The Importance of the Unimportant: The Ordinary Way (Part 3)

Everyone has an ordinary life. The Pope has an ordinary life. Movie stars and rock stars have ordinary lives. The person you would most like to be has an ordinary life—every bit as ordinary as yours.

To be sure, the famous have extraordinary aspects to their lives. But at the fundamental level, where we all live, everyone’s life is ordinary. Everyone eats, sleeps, defecates, looks in the mirror and can feel sad, dissatisfied, unfulfilled. There is no escaping ordinary life. 

Think of the most famous musical group of all time—the Beatles. What ordinary fellows they were! The extraordinary sound they produced, and the extraordinary appeal of their music, did not arise from extraordinary lives. Rather, the magnitude of their talent amazes us precisely because we know the fab four were people just like us. Where did their talent come from? How to explain it? It is a gift, pure and simple. It did not arise from themselves but from beyond. Immense talent blooms like an exotic flower from the plainest of stock, and this phenomenon is inherently startling. It is something that ought not to be, yet it is. The surprise is meant to draw our eye to the true source of creativity, the Creator. 

Does it? Or do we get trapped into thinking that if we too are not world famous we are somehow defective? The extraordinary is the exception, not the rule, but the ordinary is actually more important because it is always with us. If you cannot find God in your ordinary life, you will never find Him in the extraordinary. The Beatles broke up because all their extraordinary success did not lead them to God. Is the grass really greener on the other side of the fence? No, it is just grass. The only difference is that it’s on the other side, not here. 

The ordinary life, the here and the now, is what must be embraced. Small, daily, mundane things should be the focus of the Christian life, the foreground and not the background. Naturally enough, we tend to make important things more important. But no—the unimportant, that is what is important. 

Paul touches on this principle when, writing of the church as a body, he says, “Those parts of the body that seem to be weaker are indispensable, and the parts that we think are less honorable we treat with special honor…. God has combined the members of the body and has given greater honor to the parts that lacked it, so that there should be no division in the body” (I Cor. 12:22-5). 

Are we experiencing division in our lives? Do we long for wholeness? Give greater honor to the ordinary. No spiritual discipline is more exacting, or more revealing of the true character of the soul, than that of living daily life well. Think of Brother Lawrence, who said he experienced more of God’s presence while washing dishes than in formal prayer. 

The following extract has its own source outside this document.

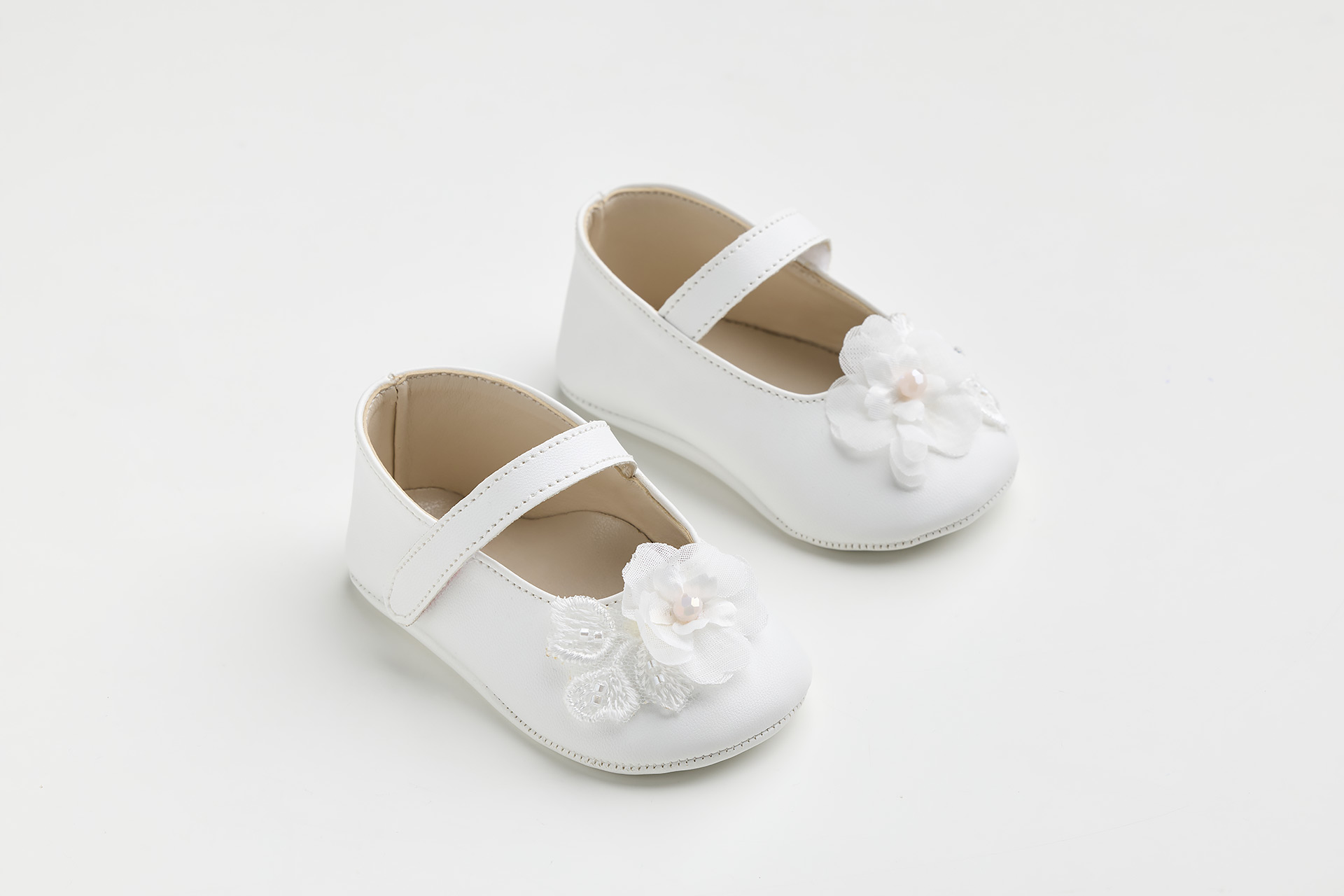 Μπαλαρίνα αγκαλιάς σε λευκό τεχνόδερμα με χειροποίητο διακοσμητικό λουλούδι. Με ρομαντική διάθεση το συγκεκριμένο παπουτσάκι αγκαλιάς. Η επιλογή που πάντα κερδίζει.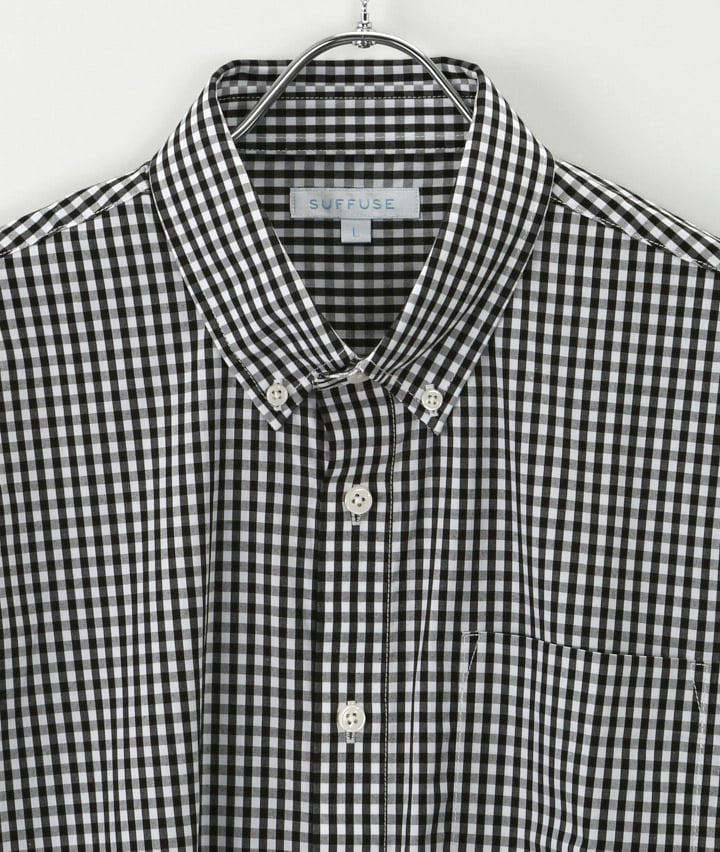 形態安定ギンガムチェックシャツ

Humility means letting the unimportant take precedence. If we do not make the ordinary our prime focus, supposedly larger and more significant goals will lead us astray and produce an unbalanced life. If, on the other hand, the ordinary is allowed center stage, great matters will look after themselves. They will happen, as they should, through the grace and power of God rather than through our own striving. 

“Blessed are the meek,” said Jesus, “for they shall inherit the earth” (Mt. 5:5). The earth will not be conquered by the strong, nor by the weak, but by the meek—by those who find power in humility.